From the above example it can be seen that for that case `pd.concat` is quicker than `df.append`. `df.append` is just one case of `pd.concat` which is `(axis=0, join='outer')`. The functionality `df.append` is not only less general way of concatinating but is also slow which is why it's being deprecated by `pandas` as well.

ref: 
- https://pandas.pydata.org/docs/whatsnew/v1.4.0.html#whatsnew-140-deprecations-frame-series-append
- https://github.com/pandas-dev/pandas/issues/41828. 

---

## Q4:

Compare the purposes of 1,2, and 3:

    Flask/Django/Others

    apache2/nginx

    gunicorn/other WSGI

## A4.
1. *Flask/Django/Others*: Flask, django, Fast API and others are python modules which makes it easy to create APIs and web-browsers (web-framework).
2. *apache2/nginx*: These are just gateway which stands between the backend and the internet.

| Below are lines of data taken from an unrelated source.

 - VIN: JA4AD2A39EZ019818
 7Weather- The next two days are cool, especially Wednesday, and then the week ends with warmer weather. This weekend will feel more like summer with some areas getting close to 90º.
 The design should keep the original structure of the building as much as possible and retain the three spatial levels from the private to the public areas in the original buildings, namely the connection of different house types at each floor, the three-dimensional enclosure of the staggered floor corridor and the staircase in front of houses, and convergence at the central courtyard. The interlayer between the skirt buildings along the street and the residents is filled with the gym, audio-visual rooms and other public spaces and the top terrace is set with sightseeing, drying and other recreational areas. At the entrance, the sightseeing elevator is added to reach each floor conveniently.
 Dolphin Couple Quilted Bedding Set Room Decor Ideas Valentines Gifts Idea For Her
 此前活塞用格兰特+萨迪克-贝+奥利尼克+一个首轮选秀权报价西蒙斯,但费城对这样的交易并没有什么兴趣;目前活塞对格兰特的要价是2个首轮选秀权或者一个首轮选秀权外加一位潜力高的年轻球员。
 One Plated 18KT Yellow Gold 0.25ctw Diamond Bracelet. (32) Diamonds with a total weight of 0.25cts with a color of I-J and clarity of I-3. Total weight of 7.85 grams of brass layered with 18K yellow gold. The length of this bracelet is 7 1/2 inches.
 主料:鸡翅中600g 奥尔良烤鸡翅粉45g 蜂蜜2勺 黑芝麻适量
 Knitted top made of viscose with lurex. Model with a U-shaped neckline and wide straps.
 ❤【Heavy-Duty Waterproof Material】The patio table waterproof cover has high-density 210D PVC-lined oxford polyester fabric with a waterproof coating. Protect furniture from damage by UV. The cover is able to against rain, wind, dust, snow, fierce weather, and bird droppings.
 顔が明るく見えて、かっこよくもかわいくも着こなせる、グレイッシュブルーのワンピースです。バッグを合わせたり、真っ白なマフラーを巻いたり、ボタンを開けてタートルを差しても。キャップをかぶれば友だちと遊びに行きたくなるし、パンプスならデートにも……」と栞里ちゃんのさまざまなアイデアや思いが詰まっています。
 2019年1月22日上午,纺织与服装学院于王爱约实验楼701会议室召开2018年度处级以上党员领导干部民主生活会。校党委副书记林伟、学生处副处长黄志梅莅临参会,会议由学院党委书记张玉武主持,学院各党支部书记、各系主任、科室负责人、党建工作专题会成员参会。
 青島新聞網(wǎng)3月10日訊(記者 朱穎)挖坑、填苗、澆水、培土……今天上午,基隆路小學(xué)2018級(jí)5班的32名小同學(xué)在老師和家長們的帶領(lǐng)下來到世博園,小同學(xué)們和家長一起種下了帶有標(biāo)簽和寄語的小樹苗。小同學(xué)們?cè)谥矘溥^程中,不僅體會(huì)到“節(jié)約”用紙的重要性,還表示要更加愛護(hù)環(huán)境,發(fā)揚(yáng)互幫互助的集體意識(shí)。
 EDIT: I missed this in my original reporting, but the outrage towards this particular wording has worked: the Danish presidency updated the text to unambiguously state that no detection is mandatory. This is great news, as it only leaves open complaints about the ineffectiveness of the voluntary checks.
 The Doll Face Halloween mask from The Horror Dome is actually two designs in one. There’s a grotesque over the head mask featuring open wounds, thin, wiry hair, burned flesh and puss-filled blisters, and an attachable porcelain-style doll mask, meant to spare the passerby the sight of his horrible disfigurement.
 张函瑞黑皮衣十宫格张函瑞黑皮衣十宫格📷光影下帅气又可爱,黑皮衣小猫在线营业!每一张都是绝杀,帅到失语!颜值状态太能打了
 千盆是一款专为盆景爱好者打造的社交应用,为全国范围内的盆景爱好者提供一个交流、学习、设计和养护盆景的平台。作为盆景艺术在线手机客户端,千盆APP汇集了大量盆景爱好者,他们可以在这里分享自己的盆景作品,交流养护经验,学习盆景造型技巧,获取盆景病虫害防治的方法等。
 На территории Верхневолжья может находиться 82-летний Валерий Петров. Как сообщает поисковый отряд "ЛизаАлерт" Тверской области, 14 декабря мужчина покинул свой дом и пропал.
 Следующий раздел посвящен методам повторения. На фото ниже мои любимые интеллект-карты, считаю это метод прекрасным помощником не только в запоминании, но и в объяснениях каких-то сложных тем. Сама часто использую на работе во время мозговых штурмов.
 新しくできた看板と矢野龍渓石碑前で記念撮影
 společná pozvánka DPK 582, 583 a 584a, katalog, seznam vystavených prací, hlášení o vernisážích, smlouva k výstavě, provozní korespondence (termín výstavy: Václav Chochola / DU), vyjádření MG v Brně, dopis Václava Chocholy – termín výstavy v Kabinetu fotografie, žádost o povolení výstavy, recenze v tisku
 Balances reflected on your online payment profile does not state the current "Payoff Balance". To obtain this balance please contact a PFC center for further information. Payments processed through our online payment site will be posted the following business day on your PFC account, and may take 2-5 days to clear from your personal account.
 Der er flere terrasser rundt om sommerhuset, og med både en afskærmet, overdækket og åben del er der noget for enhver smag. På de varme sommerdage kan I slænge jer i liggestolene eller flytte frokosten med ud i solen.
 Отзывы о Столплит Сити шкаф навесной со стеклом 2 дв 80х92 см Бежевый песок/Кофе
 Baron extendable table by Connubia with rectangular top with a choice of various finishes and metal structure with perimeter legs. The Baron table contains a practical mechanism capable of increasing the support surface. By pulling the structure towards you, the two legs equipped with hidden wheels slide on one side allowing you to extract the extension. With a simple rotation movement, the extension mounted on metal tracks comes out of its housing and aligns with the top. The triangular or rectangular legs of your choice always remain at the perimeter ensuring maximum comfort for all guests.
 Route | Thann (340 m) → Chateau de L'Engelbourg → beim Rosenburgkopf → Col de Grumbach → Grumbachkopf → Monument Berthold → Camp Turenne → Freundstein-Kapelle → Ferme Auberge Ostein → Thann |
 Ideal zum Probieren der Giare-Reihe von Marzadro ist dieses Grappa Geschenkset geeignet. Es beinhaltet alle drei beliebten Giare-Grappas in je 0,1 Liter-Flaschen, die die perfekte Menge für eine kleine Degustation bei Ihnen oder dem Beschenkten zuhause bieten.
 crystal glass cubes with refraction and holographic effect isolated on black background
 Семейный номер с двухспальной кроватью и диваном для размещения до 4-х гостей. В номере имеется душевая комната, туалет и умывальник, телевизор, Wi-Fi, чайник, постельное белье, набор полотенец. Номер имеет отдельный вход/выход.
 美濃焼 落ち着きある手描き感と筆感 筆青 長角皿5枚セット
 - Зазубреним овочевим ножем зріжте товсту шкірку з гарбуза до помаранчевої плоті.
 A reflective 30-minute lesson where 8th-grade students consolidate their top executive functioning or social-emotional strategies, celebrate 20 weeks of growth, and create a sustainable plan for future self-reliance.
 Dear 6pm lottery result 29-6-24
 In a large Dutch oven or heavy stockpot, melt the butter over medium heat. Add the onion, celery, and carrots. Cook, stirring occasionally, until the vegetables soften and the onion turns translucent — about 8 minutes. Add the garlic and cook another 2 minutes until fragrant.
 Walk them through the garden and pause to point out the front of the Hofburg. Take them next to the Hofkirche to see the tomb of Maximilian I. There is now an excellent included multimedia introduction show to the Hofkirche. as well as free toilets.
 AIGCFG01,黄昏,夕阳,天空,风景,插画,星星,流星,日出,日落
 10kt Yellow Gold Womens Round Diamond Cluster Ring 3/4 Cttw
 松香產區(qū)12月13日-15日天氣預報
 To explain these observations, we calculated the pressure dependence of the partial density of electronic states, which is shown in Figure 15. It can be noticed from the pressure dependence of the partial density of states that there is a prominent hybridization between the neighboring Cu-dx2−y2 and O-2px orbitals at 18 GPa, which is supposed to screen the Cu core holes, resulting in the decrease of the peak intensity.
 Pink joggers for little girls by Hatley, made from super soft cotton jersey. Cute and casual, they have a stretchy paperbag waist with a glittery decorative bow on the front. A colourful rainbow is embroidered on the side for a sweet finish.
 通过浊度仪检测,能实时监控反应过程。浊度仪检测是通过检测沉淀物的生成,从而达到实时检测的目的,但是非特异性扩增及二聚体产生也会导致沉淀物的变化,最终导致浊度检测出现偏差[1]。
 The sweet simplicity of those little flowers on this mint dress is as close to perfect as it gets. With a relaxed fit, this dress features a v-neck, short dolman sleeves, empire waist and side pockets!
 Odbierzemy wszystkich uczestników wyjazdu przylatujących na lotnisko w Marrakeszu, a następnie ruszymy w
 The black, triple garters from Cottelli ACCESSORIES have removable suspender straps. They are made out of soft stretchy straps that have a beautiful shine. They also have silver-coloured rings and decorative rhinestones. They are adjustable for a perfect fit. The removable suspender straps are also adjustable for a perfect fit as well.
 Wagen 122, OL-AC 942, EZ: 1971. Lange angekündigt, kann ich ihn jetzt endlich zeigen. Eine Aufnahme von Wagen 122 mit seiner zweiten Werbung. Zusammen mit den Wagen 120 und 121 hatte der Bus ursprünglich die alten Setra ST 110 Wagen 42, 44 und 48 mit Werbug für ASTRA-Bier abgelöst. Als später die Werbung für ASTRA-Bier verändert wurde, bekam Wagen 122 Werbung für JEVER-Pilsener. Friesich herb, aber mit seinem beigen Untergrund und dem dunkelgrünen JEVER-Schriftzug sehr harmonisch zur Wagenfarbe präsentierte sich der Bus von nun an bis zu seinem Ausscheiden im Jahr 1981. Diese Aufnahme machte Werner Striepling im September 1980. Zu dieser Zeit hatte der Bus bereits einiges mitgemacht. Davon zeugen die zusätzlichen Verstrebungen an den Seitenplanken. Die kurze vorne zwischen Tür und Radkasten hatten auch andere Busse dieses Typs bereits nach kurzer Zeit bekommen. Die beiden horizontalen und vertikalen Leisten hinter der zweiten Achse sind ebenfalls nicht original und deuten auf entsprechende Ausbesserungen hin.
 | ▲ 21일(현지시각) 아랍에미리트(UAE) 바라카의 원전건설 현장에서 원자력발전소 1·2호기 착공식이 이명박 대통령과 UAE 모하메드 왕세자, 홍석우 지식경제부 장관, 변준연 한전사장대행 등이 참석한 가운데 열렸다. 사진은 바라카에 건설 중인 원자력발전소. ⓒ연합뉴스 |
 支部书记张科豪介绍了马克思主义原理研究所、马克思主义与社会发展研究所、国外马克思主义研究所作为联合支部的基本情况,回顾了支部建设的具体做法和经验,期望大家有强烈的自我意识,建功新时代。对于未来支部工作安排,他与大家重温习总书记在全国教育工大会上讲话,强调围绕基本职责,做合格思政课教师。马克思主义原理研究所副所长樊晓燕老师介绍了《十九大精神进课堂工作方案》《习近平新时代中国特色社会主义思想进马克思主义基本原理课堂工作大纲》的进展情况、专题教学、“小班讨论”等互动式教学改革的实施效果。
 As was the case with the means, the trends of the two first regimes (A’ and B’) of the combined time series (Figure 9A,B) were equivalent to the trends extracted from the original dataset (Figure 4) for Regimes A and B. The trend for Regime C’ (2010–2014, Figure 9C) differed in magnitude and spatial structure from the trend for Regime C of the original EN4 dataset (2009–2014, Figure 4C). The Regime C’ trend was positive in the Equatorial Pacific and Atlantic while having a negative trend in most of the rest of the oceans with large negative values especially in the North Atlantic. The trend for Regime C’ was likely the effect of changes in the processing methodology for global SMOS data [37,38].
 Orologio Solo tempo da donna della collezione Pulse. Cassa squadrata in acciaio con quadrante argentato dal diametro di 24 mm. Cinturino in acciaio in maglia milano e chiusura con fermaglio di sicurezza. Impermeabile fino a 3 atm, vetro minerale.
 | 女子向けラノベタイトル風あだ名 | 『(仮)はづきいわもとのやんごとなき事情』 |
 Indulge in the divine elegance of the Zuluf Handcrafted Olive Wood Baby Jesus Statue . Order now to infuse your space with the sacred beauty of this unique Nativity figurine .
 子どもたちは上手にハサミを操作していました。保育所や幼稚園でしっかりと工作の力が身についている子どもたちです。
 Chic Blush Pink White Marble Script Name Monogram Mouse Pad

Its a webserver which is also used as reverse proxy which distributes traffic to multiple backend servers.
3. *gunicorn/other WSGI*: WSGI or Gunicorn is the layer in between the web server and the backend, its a specification that describes the communication between web server and web applications, and how web applications can be chained together to process one request. 

---

## Q5:

You are writing a program that scrapes text from a long list of websites. How would you apply parallelism to speed up the scraping task?

## A5.
I will just use different threads to scrapre different websites because order in which the websites are scraped does not matter I can use an executor pool and create an thread to scrape each website.

---

## Q6:

You are writing a python3 program. When should you use Docker and when should you use venv?

## A6.
venv only encapsulates python dependencies whereas docker encapsulates the entire OS. For simple application or local deployment venv is suitable whereas for more complex application where there are major OS dependencies docker is prefered.